→ EXERCISE AIM: Please print the entries exactly, omitting each image.

→ SUPPLIED INFORMATION:
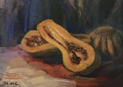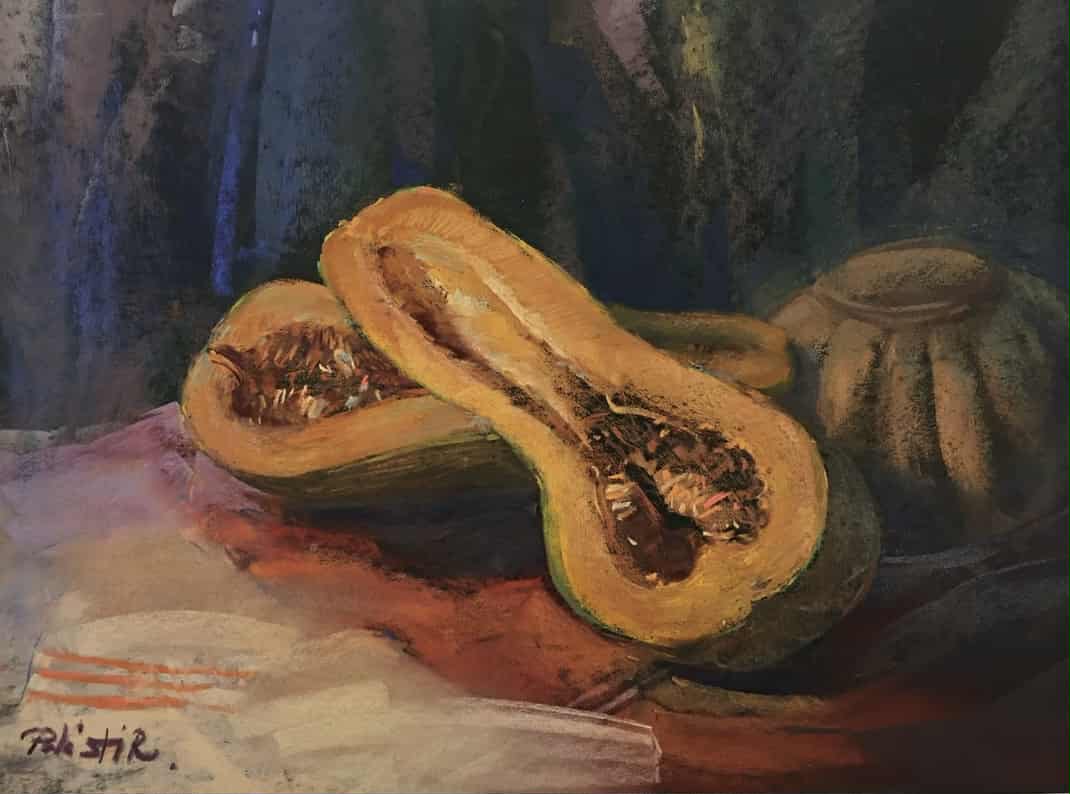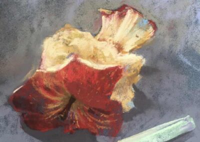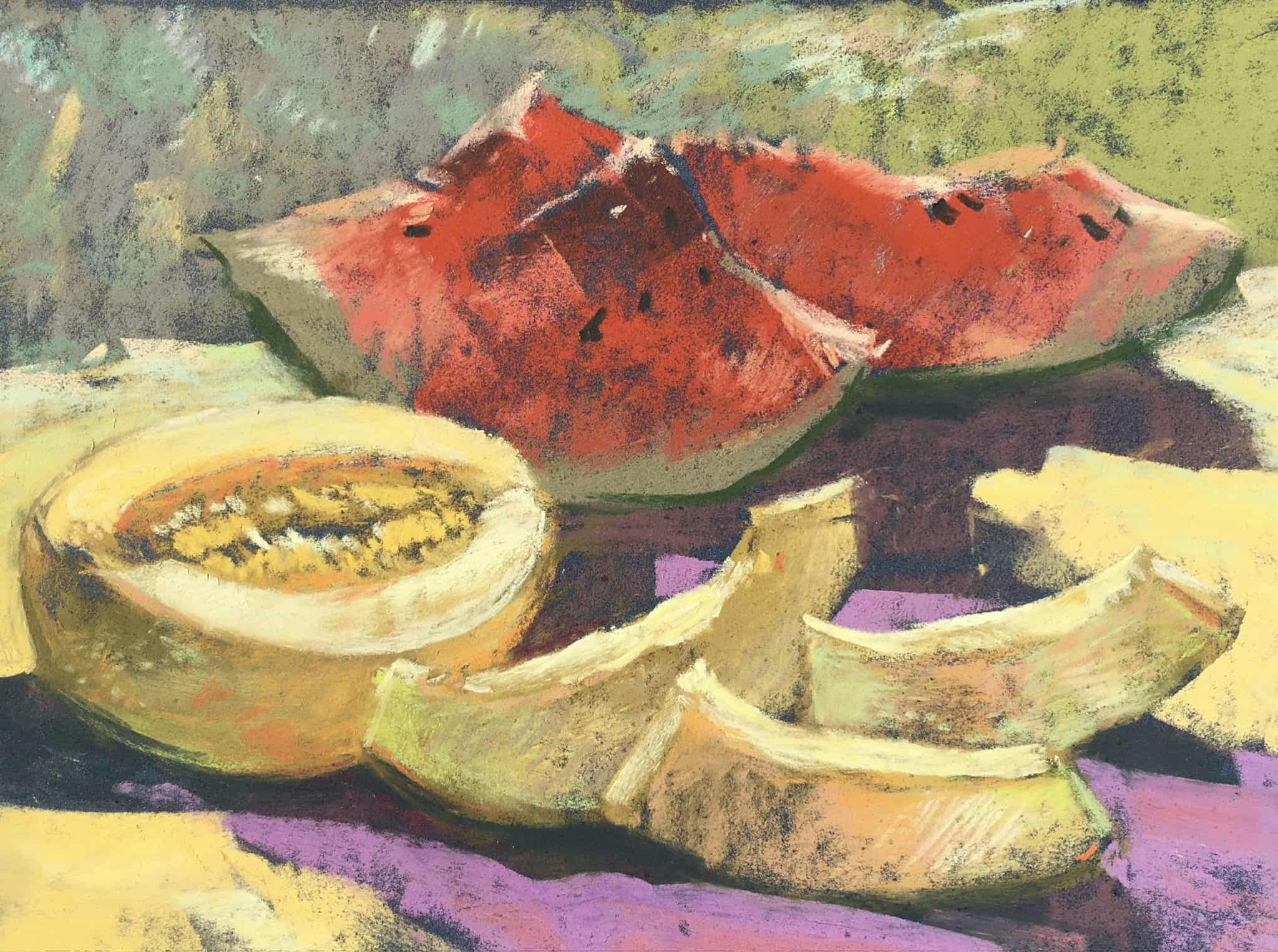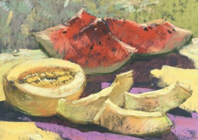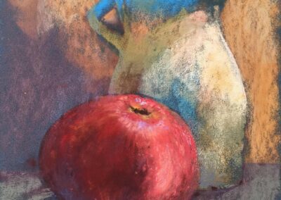 Másnap délelőtt az önárnyék, a vetett árnyék és a környezet színezetének megjelenítése lesz a téma egy gyümölcsön vagy zöldségen. Sorra kerül a gyümölcsök szeletelése, csonkolása, és a beállítás előkészítése is, valamint Reni megtanítja nektek a csendélet kompozíciós szabályait. Vasárnap délután színvázlat készítése lesz beállításról, vagy hozott témáról. Tanulmányozzuk a tömegek felhelyezését, az irányultságokat, és végül megtörténik a csendélet festése pasztellel.
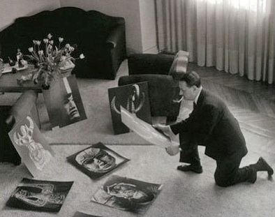 André Malraux selects photographs for Le Musée Imaginaire de la Sculpture Mondiale, 1947, © Getty Image
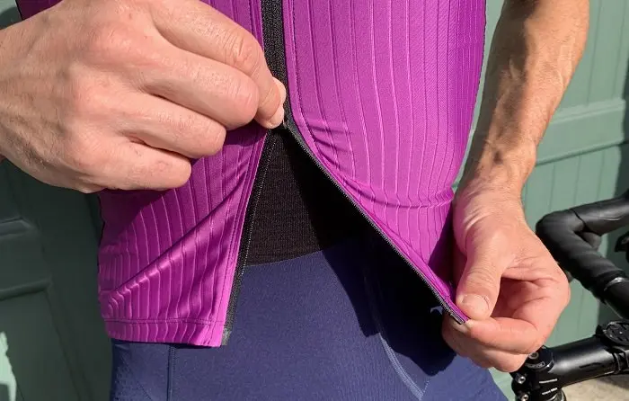 Un autre petit plus, rare sur les maillots mais plus souvent présent sur les gilets afin de permettre un bon accès aux poches arrière, est la présence d’un zip avec un double curseur. Ceci favorise une ventilation supérieure en ouvrant partiellement le maillot par en-dessous, sans que le chargement ne se promène de part et d’autre.
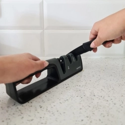 Dzięki kompaktowym wymiarom ostrzałkę łatwo przechowasz w szufladzie, a mimo to zawsze będzie pod ręką. Idealna do codziennej konserwacji narzędzi kuchennych, aby cięły szybko, precyzyjnie i bez wysiłku.
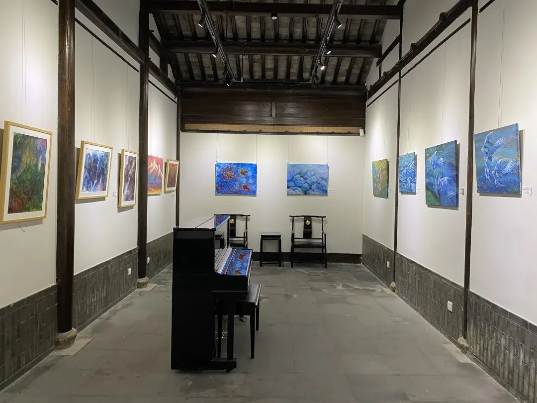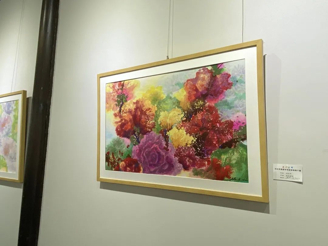 本次展览名为“流彩生辉——刘比华流彩绘画展”,共计展出美籍华裔艺术家刘比华近60幅流彩油画作品,包括“流彩石雕”“流彩山水”“流彩花卉”“流彩抽象”“涟涟游鱼”五个系列。艺术家将流彩绘画与国画泼墨法相结合,使之成为了一种中西合璧的艺术新形式。
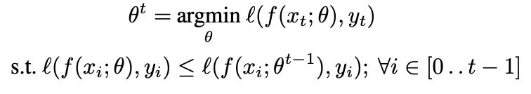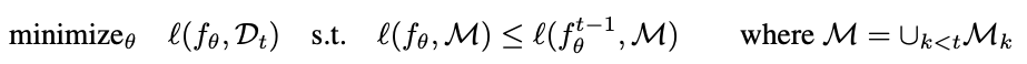 - GEM(Gradient Episodic Memory) : Task 별로 memory budget을 나누기 때문에 iid와 task boundaries가 필요함. 그리고 memory내 과거의 모든 task $k$에 대해 loss 계산이 필요하다. 이는 다음과 같이 나타낼 수 있다.
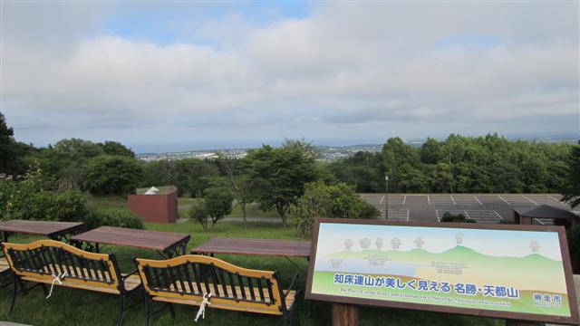 向こうには、昨日散歩したキラコタン岬やその隣の宮島岬が一望できます。
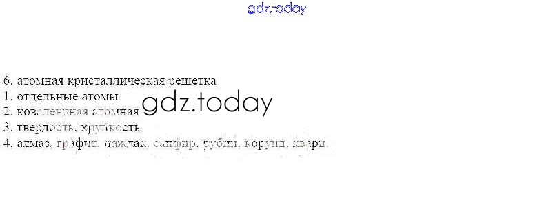 На страницах сайта gdz.today вы найдете учебный и вспомогательный материал, направленный на улучшения знаний школьной программы. ГДЗ - онлайн мир знаний Решение к теме: Ковалентная связь. Атомная и молекулярная кристаллические решеткисвязь. Ионная кристаллическая решетка 6 Рабочей тетради по Химии для 11 класса Габриелян, Яшукова Базовый уровень Дрофа 2014
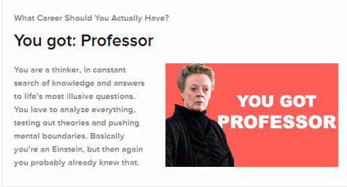 A professor is in the field of education and so am I. So it would seem that the career I should actually have, I actually have.
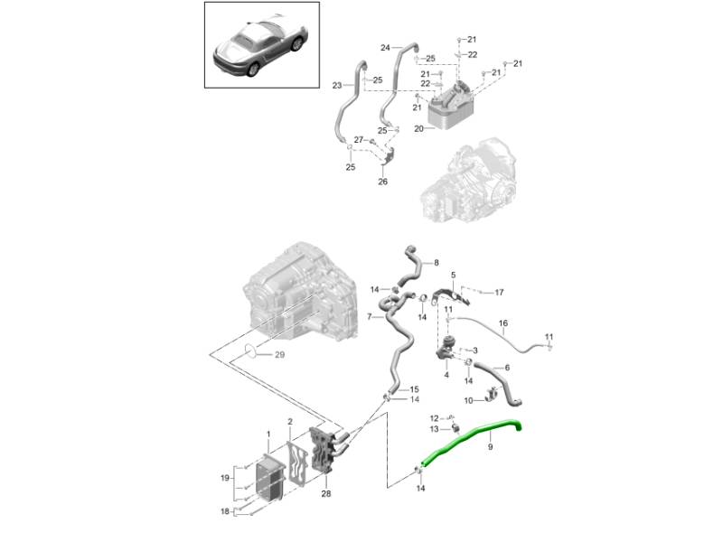 • The PDK gearbox coolant return hose is essential for maintaining proper coolant circulation through the transmission cooling system. If this hose becomes cracked, weakened, or begins to leak, coolant flow may be reduced and transmission temperatures can rise quickly.

→ ANSWER TO THE EXERCISE:
 Másnap délelőtt az önárnyék, a vetett árnyék és a környezet színezetének megjelenítése lesz a téma egy gyümölcsön vagy zöldségen. Sorra kerül a gyümölcsök szeletelése, csonkolása, és a beállítás előkészítése is, valamint Reni megtanítja nektek a csendélet kompozíciós szabályait. Vasárnap délután színvázlat készítése lesz beállításról, vagy hozott témáról. Tanulmányozzuk a tömegek felhelyezését, az irányultságokat, és végül megtörténik a csendélet festése pasztellel.
 André Malraux selects photographs for Le Musée Imaginaire de la Sculpture Mondiale, 1947, © Getty Image
 Un autre petit plus, rare sur les maillots mais plus souvent présent sur les gilets afin de permettre un bon accès aux poches arrière, est la présence d’un zip avec un double curseur. Ceci favorise une ventilation supérieure en ouvrant partiellement le maillot par en-dessous, sans que le chargement ne se promène de part et d’autre.
 Dzięki kompaktowym wymiarom ostrzałkę łatwo przechowasz w szufladzie, a mimo to zawsze będzie pod ręką. Idealna do codziennej konserwacji narzędzi kuchennych, aby cięły szybko, precyzyjnie i bez wysiłku.
 本次展览名为“流彩生辉——刘比华流彩绘画展”,共计展出美籍华裔艺术家刘比华近60幅流彩油画作品,包括“流彩石雕”“流彩山水”“流彩花卉”“流彩抽象”“涟涟游鱼”五个系列。艺术家将流彩绘画与国画泼墨法相结合,使之成为了一种中西合璧的艺术新形式。
 - GEM(Gradient Episodic Memory) : Task 별로 memory budget을 나누기 때문에 iid와 task boundaries가 필요함. 그리고 memory내 과거의 모든 task $k$에 대해 loss 계산이 필요하다. 이는 다음과 같이 나타낼 수 있다.
 向こうには、昨日散歩したキラコタン岬やその隣の宮島岬が一望できます。
 На страницах сайта gdz.today вы найдете учебный и вспомогательный материал, направленный на улучшения знаний школьной программы. ГДЗ - онлайн мир знаний Решение к теме: Ковалентная связь. Атомная и молекулярная кристаллические решеткисвязь. Ионная кристаллическая решетка 6 Рабочей тетради по Химии для 11 класса Габриелян, Яшукова Базовый уровень Дрофа 2014
 A professor is in the field of education and so am I. So it would seem that the career I should actually have, I actually have.
 • The PDK gearbox coolant return hose is essential for maintaining proper coolant circulation through the transmission cooling system. If this hose becomes cracked, weakened, or begins to leak, coolant flow may be reduced and transmission temperatures can rise quickly.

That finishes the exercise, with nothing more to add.